Para o leigo, é importante entender que esse transtorno não significa ausência de necessidade de vínculo. Ao contrário: ele expressa uma história em que a relação com o cuidado foi tão inconsistente, imprevisível ou insuficiente que o sistema de apego da criança passou a funcionar de forma defensiva e retraída.
Esse é um quadro sério, que costuma vir acompanhado de sofrimento emocional e dificuldades sociais importantes. Também exige muito cuidado na linguagem: não se trata de culpar automaticamente uma família atual, e sim de compreender a história relacional precoce da criança e suas consequências clínicas.
Quando buscar ajuda
Vale buscar ajuda quando uma criança com história de negligência grave, institucionalização ou trocas repetidas de cuidadores mostra pouco vínculo, pouca busca de consolo, retraimento afetivo importante ou dificuldade persistente de responder ao cuidado.
Também merece avaliação qualquer quadro em que o sofrimento relacional parece muito acima do esperado e vem afetando o desenvolvimento emocional e social da criança.
Abordagens terapêuticas
As abordagens terapêuticas mais úteis combinam intervenção relacional, psicoeducação de cuidadores, consistência ambiental e cuidado informado por trauma.
Na prática, o tratamento trabalha menos com “corrigir comportamento” e mais com reconstruir a expectativa de que o outro pode ser fonte de proteção. Essa é uma mudança profunda e delicada.

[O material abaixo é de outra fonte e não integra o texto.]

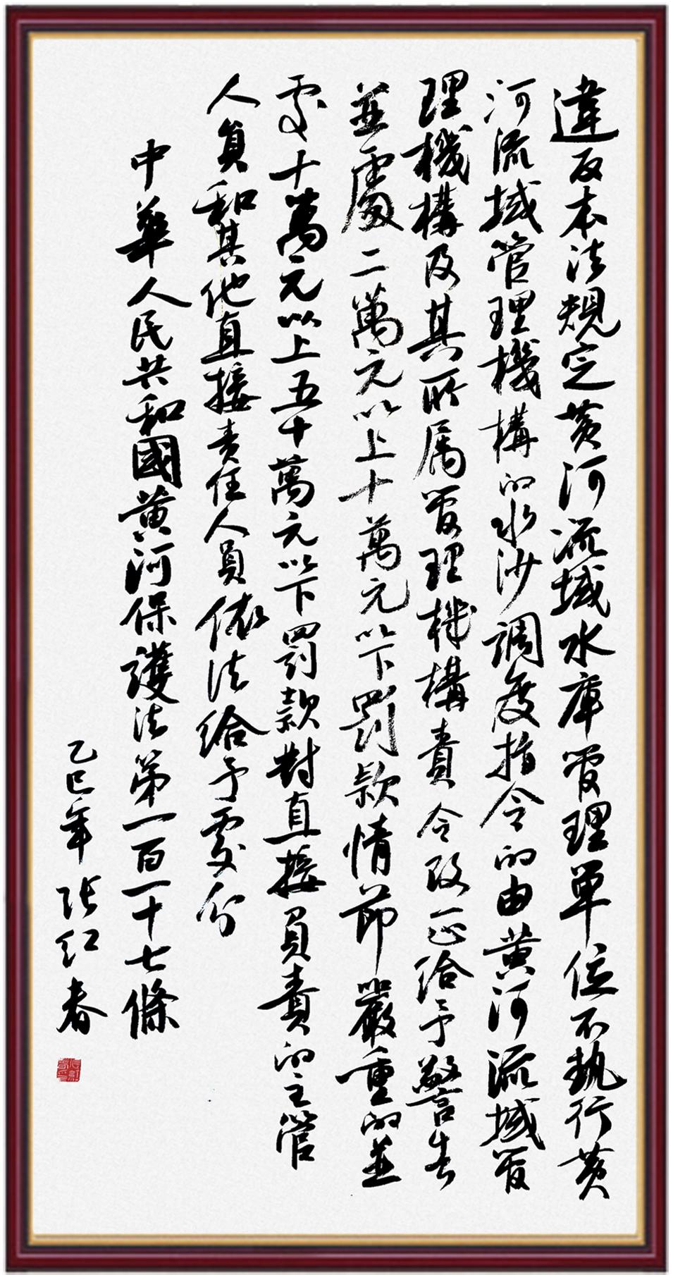 黃河寧,天下平。黃河是中華民族的發(fā)源地和搖籃,保護黃河是事關(guān)中華民族偉大復(fù)興的千秋大計?!吨腥A人民共和國黃河保護法》為推進水資源節(jié)約集約利用、保護傳承弘揚黃河文化、推動黃河流域生態(tài)保護和高質(zhì)量發(fā)展提供了有力法治保障。繼書寫《中華人民共和國民法典》《中華人民共和國憲法》《中華人民共和國澳門特別行政區(qū)基本法》《中華人民共和國香港特別行政區(qū)基本法》《中華人民共和國國旗法》《中華人民共和國國徽法》《中華人民共和國國歌法》《中華人民共和國法官法》等法律法規(guī)之后,法制日報社聯(lián)合沿黃九省(區(qū))司法廳、書法家協(xié)會,將筆端對準(zhǔn)《中華人民共和國黃河保護法》。
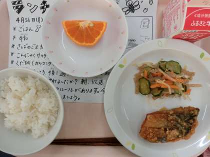 今日の給食は、ごはん、牛乳、さばのごま揚げ、こんにゃくサラダ、くだもの(〜マンダリン)です。
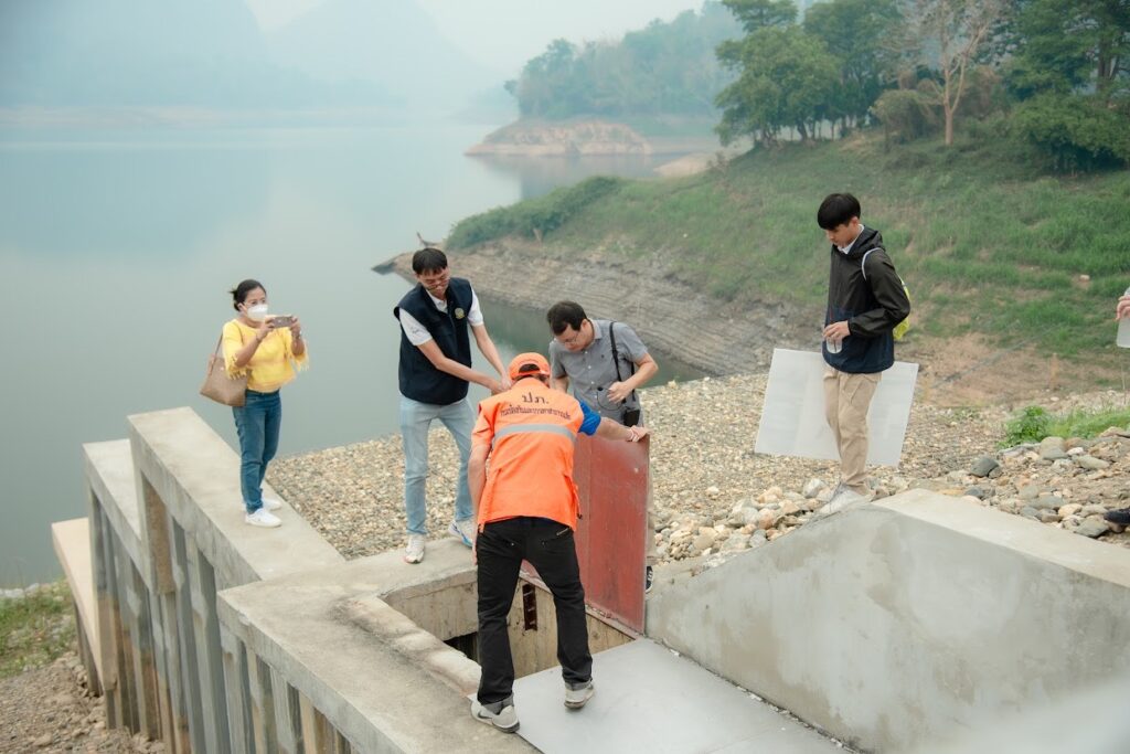 จุดที่ 4 ) “เขื่อนแม่สรวย” นำโดย รศ.ดร.สุทธิศักดิ์ ศรลัมพ์ จาก มหาวิทยาลัยเกษตรศาสตร์ ซึ่งได้รับเกียรติจาก นายศุภชัย พินิจสุวรรณ ผู้อำนวยการส่วนวิศวกรรม กรมชลประทาน และคณะให้การต้อนรับ และนายทรงพล พงษ์มุกดา หัวหน้าฝ่ายจัดสรรน้ำและปรับปรุงระบบชลประทาน กล่าวว่า เหตุการณ์แผ่นดินไหวในอดีตนั้นจากการตรวจวัดค่าความเร่งสูงสุดที่ตรวจวัดได้มีค่าเท่ากับ 0.0000877g ซึ่งต่ำกว่าค่าความเร่งของพื้นดินจากแผ่นดินไหวที่ใช้ในการออกแบบอย่างมาก ดังนั้นเหตุการณ์แผ่นดินไหวดังกล่าว จึงไม่ส่งผลกระทบต่อความมั่นคงแข็งแรงของตัวเขื่อนทั้งขนาดใหญ่และขนาดกลางที่อยู่ในความรับผิดชอบของกรมชลประทาน ในพื้นที่ จ.เชียงราย,จ.เชียงใหม่ และบริเวณพื้นที่ใกล้เคียง ทั้งนี้กรมชลประทานยังร่วมมือกับคณะวิจัยในการปรับปรุงโครงสร้างของเขื่อนให้มีความแข็งแรง ทนทาน และรองรับต่อการเกิดเหตุแผ่นดินไหวได้ดียิ่งขึ้น

Como a terapia para Transtorno de Apego Reativo pode te ajudar
- Compreender como a história precoce de cuidado impactou o modo de se vincular
- Fortalecer segurança relacional entre criança e cuidador atual
- Ajudar adultos a interpretar retraimento sem personalizar rejeição
- Trabalhar regulação emocional, confiança e busca de conforto
- Orientar a família sobre respostas consistentes, previsíveis e não invasivas
- Articular cuidado com escola, rede de proteção e profissionais envolvidos
- Construir experiências repetidas de vínculo seguro e responsivo
Perguntas frequentes
O que é Transtorno de Apego Reativo?
É um transtorno da infância associado a negligência e privação emocional precoces, marcado por retraimento afetivo e pouca busca de conforto junto aos cuidadores.
Quais os sintomas de Transtorno de Apego Reativo?
Os sintomas incluem pouca busca de consolo, pouca resposta ao acolhimento, retraimento emocional, tristeza, medo e dificuldade de confiar em cuidadores.
Como é feito o diagnóstico de Transtorno de Apego Reativo?
O diagnóstico é clínico e considera a história precoce de cuidado insuficiente, o padrão relacional da criança e o diagnóstico diferencial com outros quadros.
Transtorno de Apego Reativo é a mesma coisa que autismo?
Não. Apesar de haver sobreposição em alguns sinais sociais, são quadros diferentes e o diagnóstico diferencial precisa ser cuidadoso.
Transtorno de Apego Reativo tem tratamento?
Sim. O tratamento envolve principalmente trabalho com cuidadores, ambiente estável e intervenções clínicas focadas em vínculo e regulação emocional.
Quando procurar ajuda?
Quando a criança apresenta retraimento afetivo importante, pouca busca de consolo e história de negligência, institucionalização ou trocas repetidas de cuidadores.